• [PROBLEM DETAILS] Only the lines below between the one holding "Cream Embroidered Chinon" and the one holding "There is no", inclusive, are to be reproduced word for word; the pictures are to be left out.

• [DATA]
* * * * *

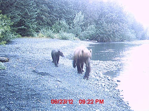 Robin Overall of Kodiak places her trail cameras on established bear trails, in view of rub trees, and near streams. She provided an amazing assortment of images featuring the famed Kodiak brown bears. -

* * * * *

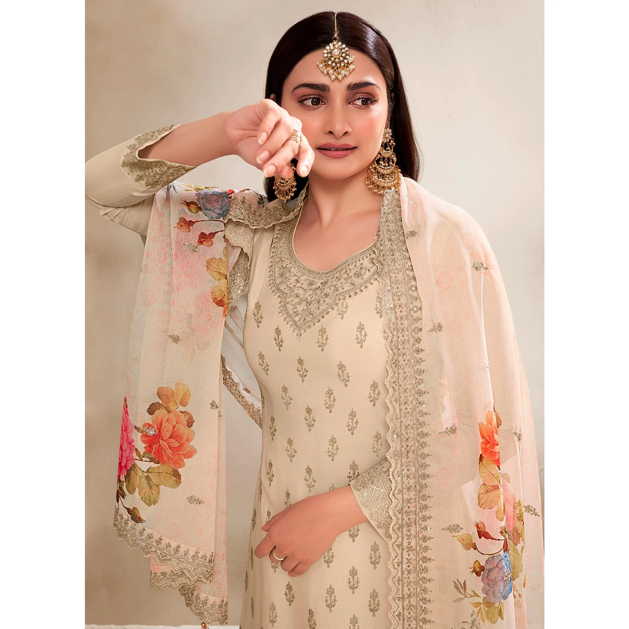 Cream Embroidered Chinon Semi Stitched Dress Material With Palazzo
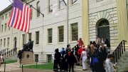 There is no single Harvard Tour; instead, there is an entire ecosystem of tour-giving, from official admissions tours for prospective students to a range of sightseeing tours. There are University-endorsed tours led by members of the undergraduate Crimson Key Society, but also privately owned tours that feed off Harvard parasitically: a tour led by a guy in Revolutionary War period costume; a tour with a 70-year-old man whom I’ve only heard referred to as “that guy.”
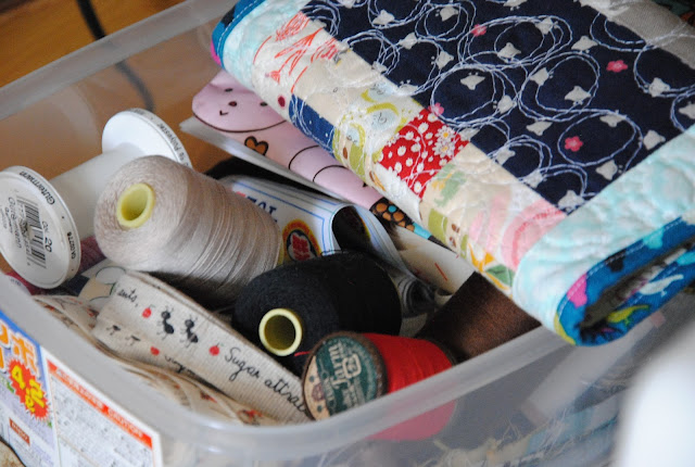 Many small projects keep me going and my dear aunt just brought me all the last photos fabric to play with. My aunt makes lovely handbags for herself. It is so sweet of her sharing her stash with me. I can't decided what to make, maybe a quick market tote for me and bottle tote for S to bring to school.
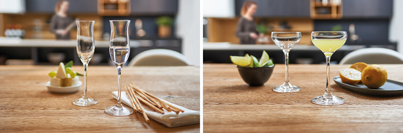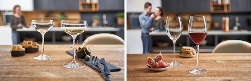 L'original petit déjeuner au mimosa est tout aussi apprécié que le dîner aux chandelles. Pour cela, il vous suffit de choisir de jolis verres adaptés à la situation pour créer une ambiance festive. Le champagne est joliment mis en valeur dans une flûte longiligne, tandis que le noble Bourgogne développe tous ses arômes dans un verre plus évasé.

* * * * *

• [TASK OUTPUT]
 Cream Embroidered Chinon Semi Stitched Dress Material With Palazzo
 There is no single Harvard Tour; instead, there is an entire ecosystem of tour-giving, from official admissions tours for prospective students to a range of sightseeing tours. There are University-endorsed tours led by members of the undergraduate Crimson Key Society, but also privately owned tours that feed off Harvard parasitically: a tour led by a guy in Revolutionary War period costume; a tour with a 70-year-old man whom I’ve only heard referred to as “that guy.”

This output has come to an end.